(Stored items)
----

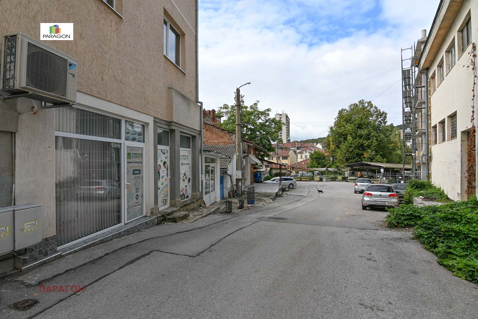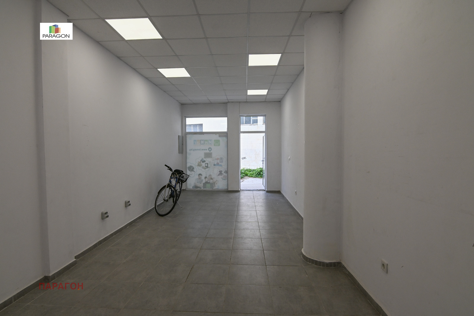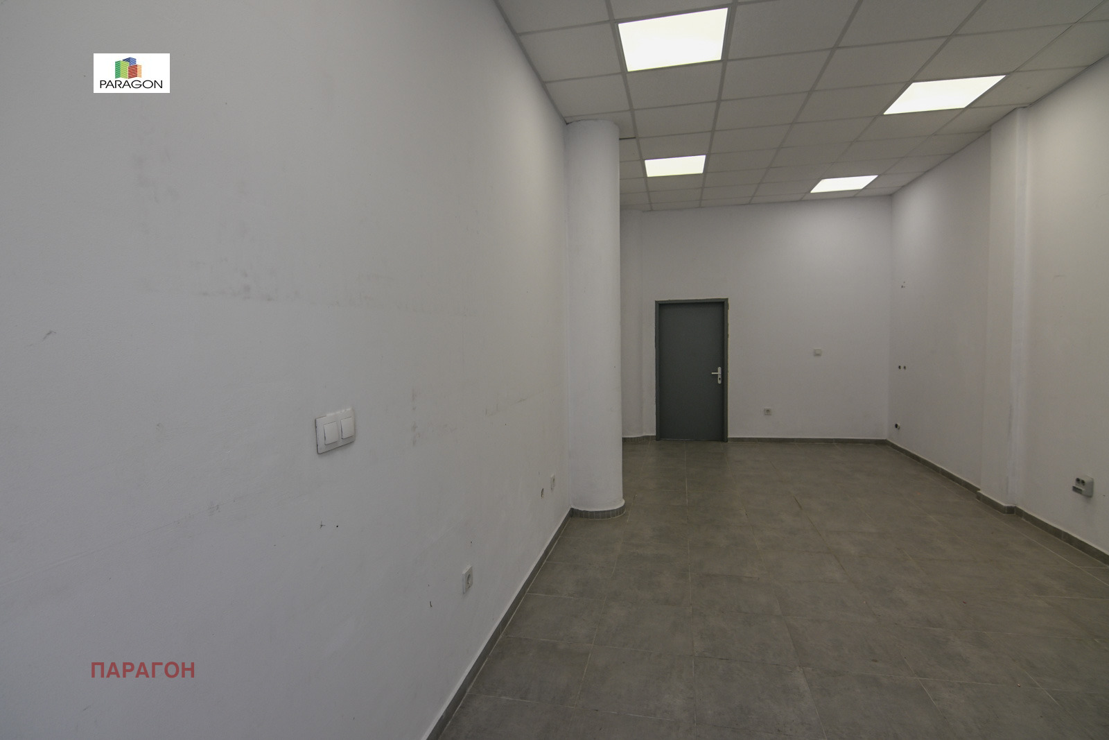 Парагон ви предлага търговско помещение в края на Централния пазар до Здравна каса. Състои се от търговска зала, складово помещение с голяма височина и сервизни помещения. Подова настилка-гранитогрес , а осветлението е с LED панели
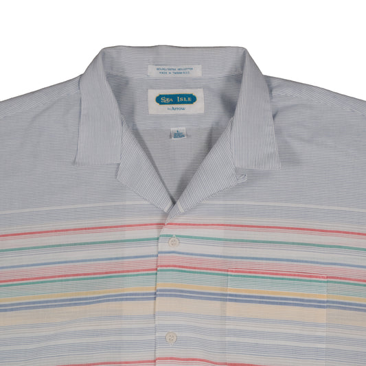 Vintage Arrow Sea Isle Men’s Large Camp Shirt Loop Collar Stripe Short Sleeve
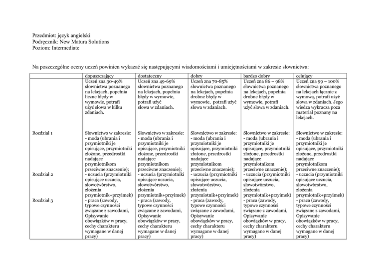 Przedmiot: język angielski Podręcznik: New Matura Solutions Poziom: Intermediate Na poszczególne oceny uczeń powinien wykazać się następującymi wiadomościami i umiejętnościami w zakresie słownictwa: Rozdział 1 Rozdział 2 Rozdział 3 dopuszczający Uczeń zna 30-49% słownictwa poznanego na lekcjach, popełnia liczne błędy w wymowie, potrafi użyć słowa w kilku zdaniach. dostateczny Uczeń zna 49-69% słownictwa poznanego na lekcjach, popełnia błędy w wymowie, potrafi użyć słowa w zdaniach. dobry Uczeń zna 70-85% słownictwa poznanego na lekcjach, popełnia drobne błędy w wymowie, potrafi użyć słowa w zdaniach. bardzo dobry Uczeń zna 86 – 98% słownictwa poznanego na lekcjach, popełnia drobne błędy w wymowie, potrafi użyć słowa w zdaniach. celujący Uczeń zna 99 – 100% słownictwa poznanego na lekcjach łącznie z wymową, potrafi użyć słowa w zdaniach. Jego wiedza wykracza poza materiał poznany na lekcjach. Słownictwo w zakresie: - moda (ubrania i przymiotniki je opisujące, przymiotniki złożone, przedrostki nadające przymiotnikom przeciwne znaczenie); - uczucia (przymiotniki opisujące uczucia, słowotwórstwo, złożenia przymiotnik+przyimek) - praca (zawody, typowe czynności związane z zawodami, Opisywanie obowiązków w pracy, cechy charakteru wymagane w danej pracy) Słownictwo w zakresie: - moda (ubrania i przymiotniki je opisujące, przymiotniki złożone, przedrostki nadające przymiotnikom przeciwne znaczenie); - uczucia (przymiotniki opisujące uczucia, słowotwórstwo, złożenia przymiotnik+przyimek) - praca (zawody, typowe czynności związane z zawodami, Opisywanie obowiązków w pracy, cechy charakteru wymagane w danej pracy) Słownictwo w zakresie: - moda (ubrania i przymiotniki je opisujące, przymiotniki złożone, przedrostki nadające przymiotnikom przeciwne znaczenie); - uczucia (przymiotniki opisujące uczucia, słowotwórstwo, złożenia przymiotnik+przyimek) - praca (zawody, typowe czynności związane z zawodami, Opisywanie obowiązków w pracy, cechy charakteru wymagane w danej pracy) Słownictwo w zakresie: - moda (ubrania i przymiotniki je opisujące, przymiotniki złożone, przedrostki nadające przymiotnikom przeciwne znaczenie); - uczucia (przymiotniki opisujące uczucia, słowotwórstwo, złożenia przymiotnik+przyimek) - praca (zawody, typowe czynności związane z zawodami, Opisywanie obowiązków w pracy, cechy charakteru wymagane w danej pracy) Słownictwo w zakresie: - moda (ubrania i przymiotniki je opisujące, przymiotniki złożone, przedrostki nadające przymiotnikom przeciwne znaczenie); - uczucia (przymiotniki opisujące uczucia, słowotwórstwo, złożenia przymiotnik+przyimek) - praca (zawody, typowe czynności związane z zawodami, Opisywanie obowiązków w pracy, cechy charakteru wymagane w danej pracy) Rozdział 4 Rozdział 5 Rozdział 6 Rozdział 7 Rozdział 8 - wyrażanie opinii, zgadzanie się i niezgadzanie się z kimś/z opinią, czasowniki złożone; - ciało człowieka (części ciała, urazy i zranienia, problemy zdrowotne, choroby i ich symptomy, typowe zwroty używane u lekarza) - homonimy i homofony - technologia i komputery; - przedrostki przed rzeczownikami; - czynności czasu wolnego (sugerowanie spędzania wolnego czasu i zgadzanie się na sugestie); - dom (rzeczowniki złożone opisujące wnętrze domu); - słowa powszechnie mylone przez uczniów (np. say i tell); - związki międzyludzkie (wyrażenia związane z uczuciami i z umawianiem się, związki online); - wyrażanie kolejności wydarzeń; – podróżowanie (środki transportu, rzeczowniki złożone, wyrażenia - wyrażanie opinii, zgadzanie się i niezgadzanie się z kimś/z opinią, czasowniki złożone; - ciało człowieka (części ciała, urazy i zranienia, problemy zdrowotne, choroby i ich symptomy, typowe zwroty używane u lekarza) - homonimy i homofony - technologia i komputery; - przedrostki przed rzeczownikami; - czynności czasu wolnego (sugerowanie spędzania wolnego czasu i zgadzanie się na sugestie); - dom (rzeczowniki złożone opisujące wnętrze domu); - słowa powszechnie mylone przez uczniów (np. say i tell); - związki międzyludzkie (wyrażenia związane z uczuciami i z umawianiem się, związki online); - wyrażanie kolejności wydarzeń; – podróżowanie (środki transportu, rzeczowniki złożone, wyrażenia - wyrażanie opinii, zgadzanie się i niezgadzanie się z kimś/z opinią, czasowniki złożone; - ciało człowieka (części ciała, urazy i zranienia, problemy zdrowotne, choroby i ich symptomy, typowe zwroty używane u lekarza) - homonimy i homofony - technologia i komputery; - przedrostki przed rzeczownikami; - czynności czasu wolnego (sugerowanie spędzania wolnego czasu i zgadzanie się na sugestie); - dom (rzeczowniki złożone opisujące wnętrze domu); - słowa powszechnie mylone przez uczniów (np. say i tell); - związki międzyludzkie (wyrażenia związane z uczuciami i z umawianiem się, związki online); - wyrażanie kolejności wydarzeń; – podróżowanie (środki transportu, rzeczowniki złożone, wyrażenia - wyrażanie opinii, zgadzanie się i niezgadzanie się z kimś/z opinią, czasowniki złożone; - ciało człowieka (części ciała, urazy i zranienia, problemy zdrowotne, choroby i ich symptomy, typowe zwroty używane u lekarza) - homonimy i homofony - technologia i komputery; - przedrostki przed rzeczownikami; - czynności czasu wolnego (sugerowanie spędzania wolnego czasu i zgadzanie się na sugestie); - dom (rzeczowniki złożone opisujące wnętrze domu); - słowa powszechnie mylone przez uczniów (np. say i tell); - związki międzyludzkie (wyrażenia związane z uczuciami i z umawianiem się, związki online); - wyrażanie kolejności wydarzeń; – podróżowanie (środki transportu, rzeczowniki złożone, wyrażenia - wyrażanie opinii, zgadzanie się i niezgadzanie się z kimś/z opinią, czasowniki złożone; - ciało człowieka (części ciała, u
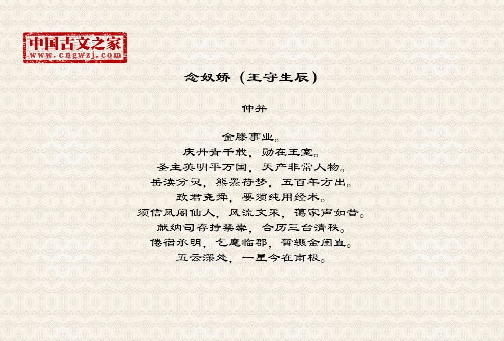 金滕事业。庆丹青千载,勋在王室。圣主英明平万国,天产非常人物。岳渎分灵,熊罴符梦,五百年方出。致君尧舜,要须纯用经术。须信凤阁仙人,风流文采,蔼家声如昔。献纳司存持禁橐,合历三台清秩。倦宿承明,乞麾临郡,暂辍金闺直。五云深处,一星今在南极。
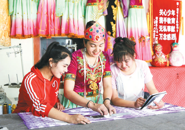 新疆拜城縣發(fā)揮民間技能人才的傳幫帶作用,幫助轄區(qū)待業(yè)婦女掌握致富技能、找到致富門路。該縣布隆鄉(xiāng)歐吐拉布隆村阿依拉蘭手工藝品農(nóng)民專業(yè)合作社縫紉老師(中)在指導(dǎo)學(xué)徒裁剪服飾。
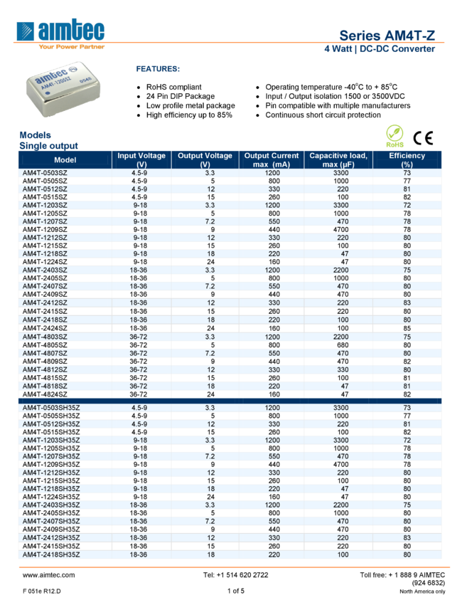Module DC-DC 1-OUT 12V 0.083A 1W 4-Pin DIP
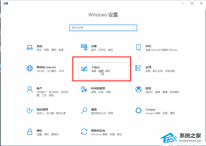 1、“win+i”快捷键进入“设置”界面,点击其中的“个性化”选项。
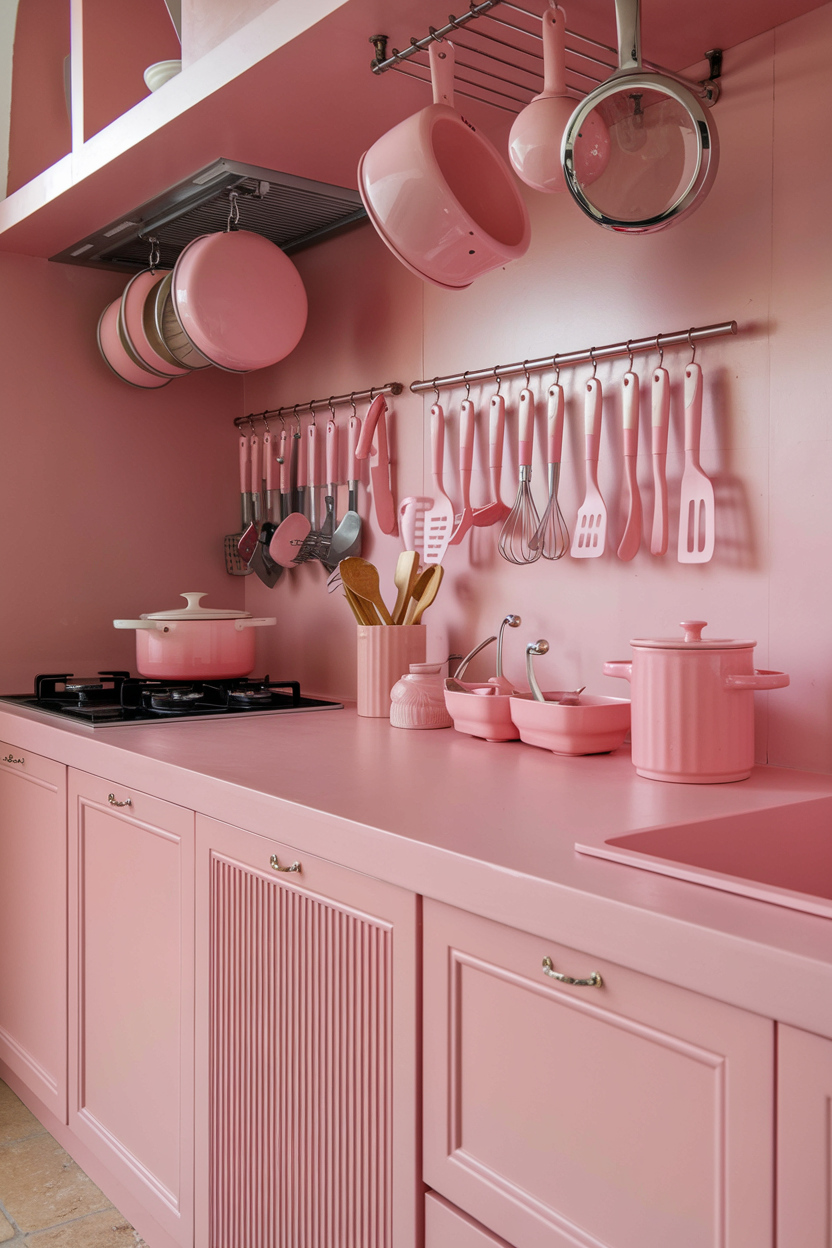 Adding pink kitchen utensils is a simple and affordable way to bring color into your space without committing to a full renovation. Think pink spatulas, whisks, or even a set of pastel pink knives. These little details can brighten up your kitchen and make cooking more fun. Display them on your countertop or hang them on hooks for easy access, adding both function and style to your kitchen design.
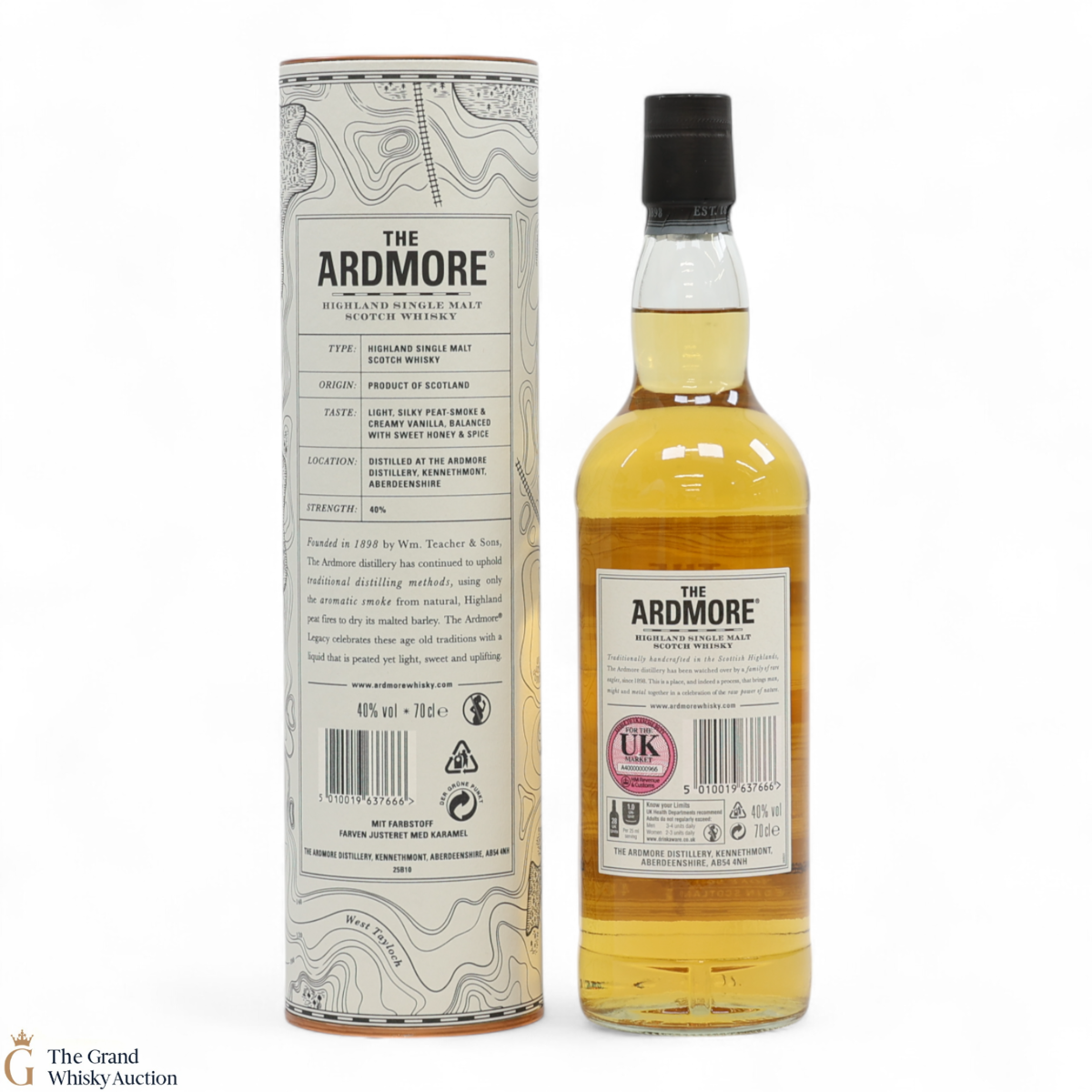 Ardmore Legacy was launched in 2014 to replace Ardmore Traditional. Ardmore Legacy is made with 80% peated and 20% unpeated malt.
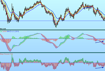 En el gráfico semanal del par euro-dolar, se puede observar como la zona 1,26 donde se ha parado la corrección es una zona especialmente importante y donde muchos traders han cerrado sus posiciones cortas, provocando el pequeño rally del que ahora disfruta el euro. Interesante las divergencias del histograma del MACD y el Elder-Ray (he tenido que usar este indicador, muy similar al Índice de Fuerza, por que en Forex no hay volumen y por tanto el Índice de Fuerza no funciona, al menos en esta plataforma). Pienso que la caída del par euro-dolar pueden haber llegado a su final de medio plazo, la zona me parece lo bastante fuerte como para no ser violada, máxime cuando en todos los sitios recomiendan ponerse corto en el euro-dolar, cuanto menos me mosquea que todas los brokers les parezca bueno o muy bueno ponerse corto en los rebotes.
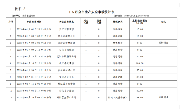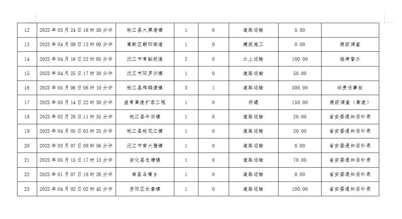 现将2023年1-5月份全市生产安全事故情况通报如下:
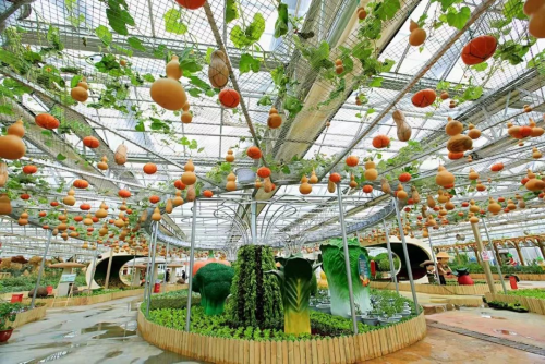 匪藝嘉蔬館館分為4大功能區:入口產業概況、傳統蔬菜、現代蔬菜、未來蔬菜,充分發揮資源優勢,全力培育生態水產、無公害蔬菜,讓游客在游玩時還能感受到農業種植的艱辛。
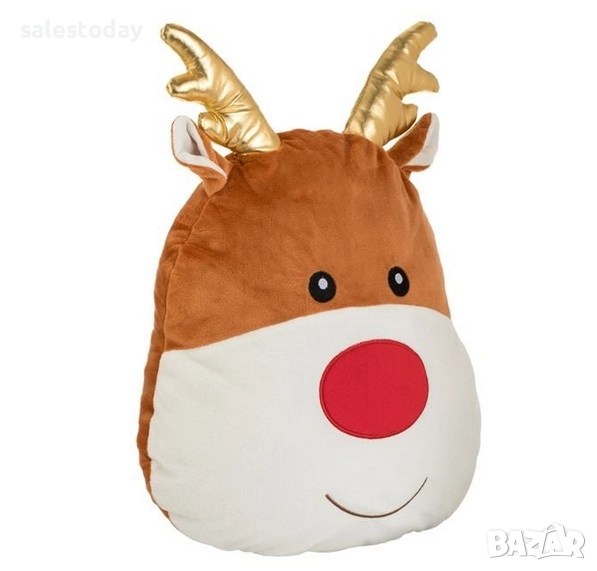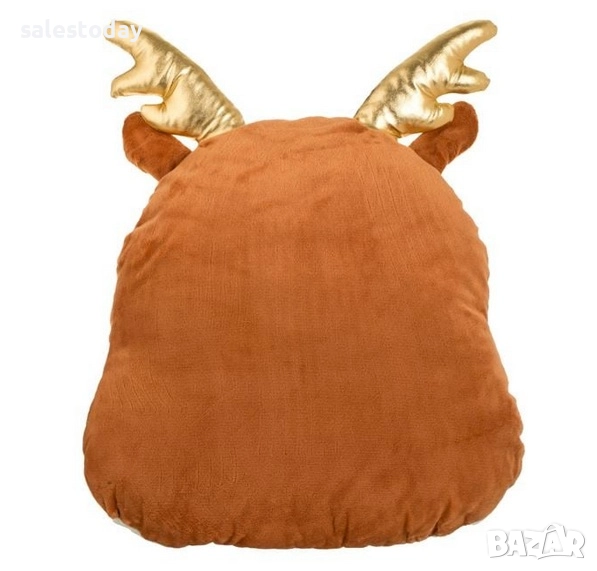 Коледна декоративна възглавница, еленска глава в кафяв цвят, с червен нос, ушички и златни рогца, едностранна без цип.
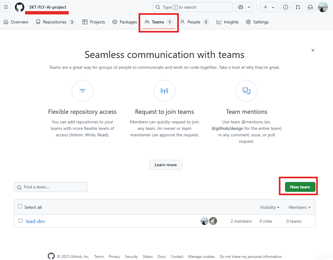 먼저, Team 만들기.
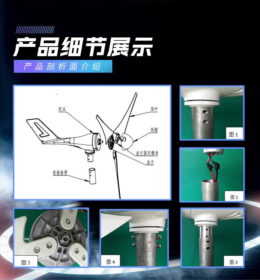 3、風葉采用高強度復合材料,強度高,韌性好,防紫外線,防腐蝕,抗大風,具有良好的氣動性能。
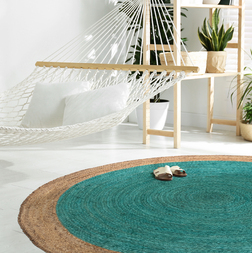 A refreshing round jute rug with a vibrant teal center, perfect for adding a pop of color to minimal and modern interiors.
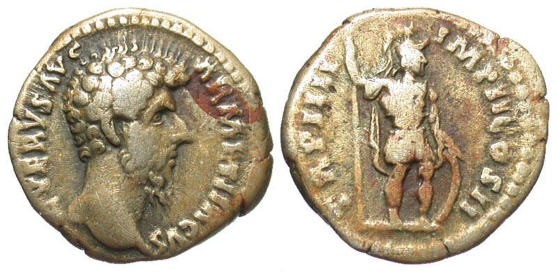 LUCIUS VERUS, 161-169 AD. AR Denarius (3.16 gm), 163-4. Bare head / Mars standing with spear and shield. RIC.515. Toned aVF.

----

# [Exercise directions]
Repeat exactly and only the lines from the start of the data above through the line that holds "Vintage Arrow Sea", inclusive. Pictures do not belong in the copy.

# [Result for this exercise]
 Парагон ви предлага търговско помещение в края на Централния пазар до Здравна каса. Състои се от търговска зала, складово помещение с голяма височина и сервизни помещения. Подова настилка-гранитогрес , а осветлението е с LED панели
 Vintage Arrow Sea Isle Men’s Large Camp Shirt Loop Collar Stripe Short Sleeve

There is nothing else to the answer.